The debate over whether or not language ability can be divided up into separately
testable components led to the unitary trait hypothesis, proposed by Oller (1979),
which suggested that language proficiency is more unitary than the discrete point
testers claimed. That is, vocabulary, grammar, phonology, the four language skills,
and other discrete points of language cannot, in fact, be distinguished from each
other. The unitary trait hypothesis contends that there is a general factor of
language proficiency such that all the discrete points do not add up to that whole.
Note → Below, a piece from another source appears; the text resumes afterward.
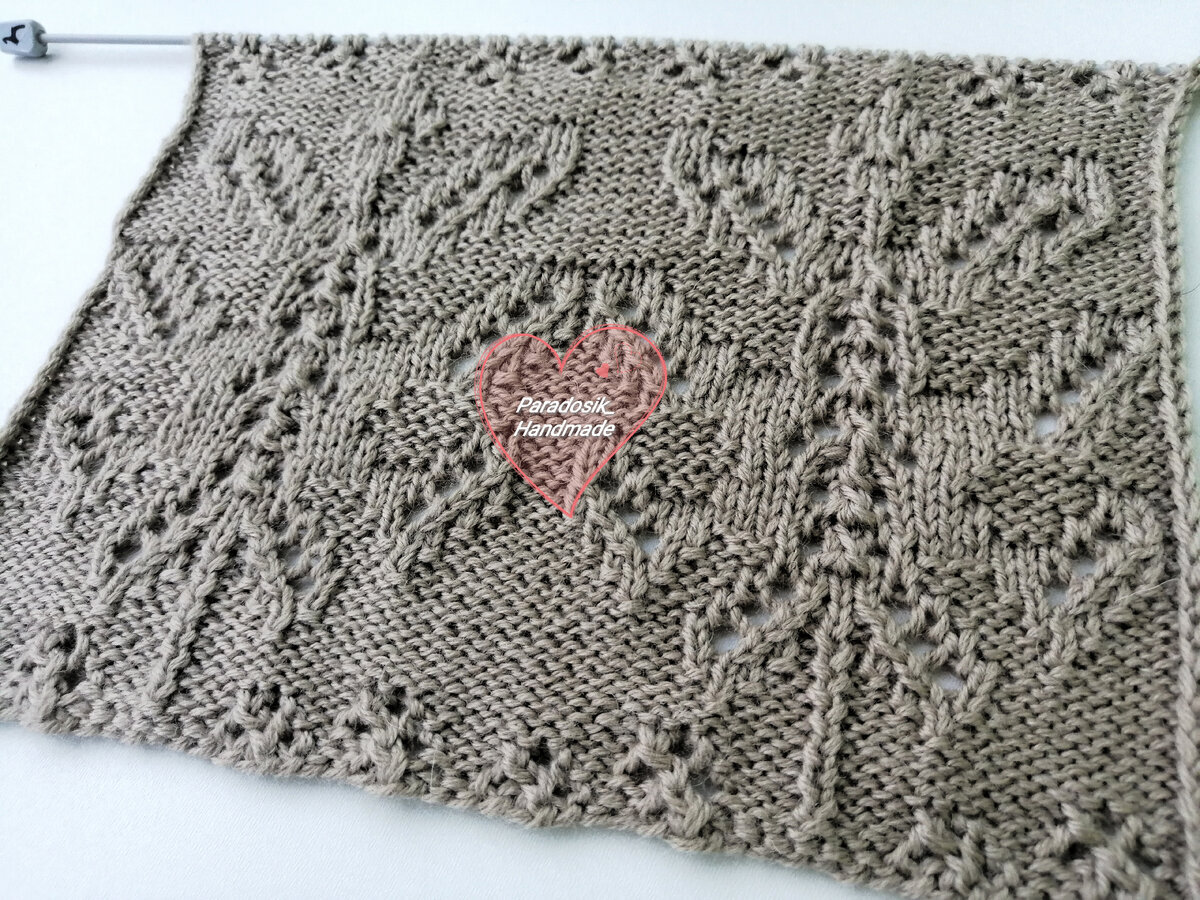 Вязаное изделие бежевого цвета с узором в форме листьев, представленное на белом фоне. В центре изображена небольшая ярлычок с надписью.

Under this perspectivization, it is believed that one can only comprehend (and
produce) language by means of a process of analysis-by-syntheses, that is, we
comprehend by predicting the message we are encountering, drawing upon our
knowledge of the world, and through pragmatic expectancy grammar, and the
redundancy built into language. The term expectancy grammar, as Oller (1986)
maintains, calls attention to the specificity of sequential organization of language in
actual use. Natural language is perhaps the best-known example of the complex
organization of elements into sequences and classes, and sequences of class which
are composed of other sequences of classes and so forth. The term pragmatic
expectancy grammar further calls attention to the fact that the chains of
elements and hierarchies of them which comprise a language are
accessible to the language user in real life situation because they are
somehow indexed with reference to their appropriateness to extra
linguistic contexts (Oller, 1986).

According to Bachman (1995), the interest of language testers in the construct


validity of language tests was also renewed in the 1970s by John Ollers unitary
trait hypothesis. By analyzing the relationships among scores from a wide variety of
language tests, Oller discovered a G-factor, which he interpreted as a unitary trait,
general language proficiency. Subsequent studies, however, disconfirmed the
unitary trait hypothesis (Farhady, 1980). Oller himself eventually recognized that
the strongest form of the unitary trait hypothesis was wrong (Oller, 1983, cited in
Bachman, 1995). Nevertheless, Ollers work, as well as the research it stimulated,
firmly established construct validation as a central concern of language testing
research, and generated a renewed interest in factor analysis as an analytic
procedure.

Conclusion

This article tries to show the historical growth of language testing and the
reluctant recognition by the profession of the fact that language tests both drive
and reflect language teaching. The importance of language testing and the
evolution of modern linguistics have made teachers and testers aware of the
significance of a need for a comprehensive analysis of the language under
consideration. On the one hand, teachers are constantly revising their teaching
strategies in the light of advances in modern linguistics and psychology. On the
other hand, testers are trying to improve their techniques to test language ability
more validly and reliability in compliance with advances in teaching. Certainly, not
all innovations in language science have had equal or similar effects upon teaching
and testing; each has paid certain attention to the relative importance of each skill
or component. Thus, it is the responsibility of the teacher to choose the most
appropriate method of estimating learners knowledge or ability, particularly where
learning a second language is concerned.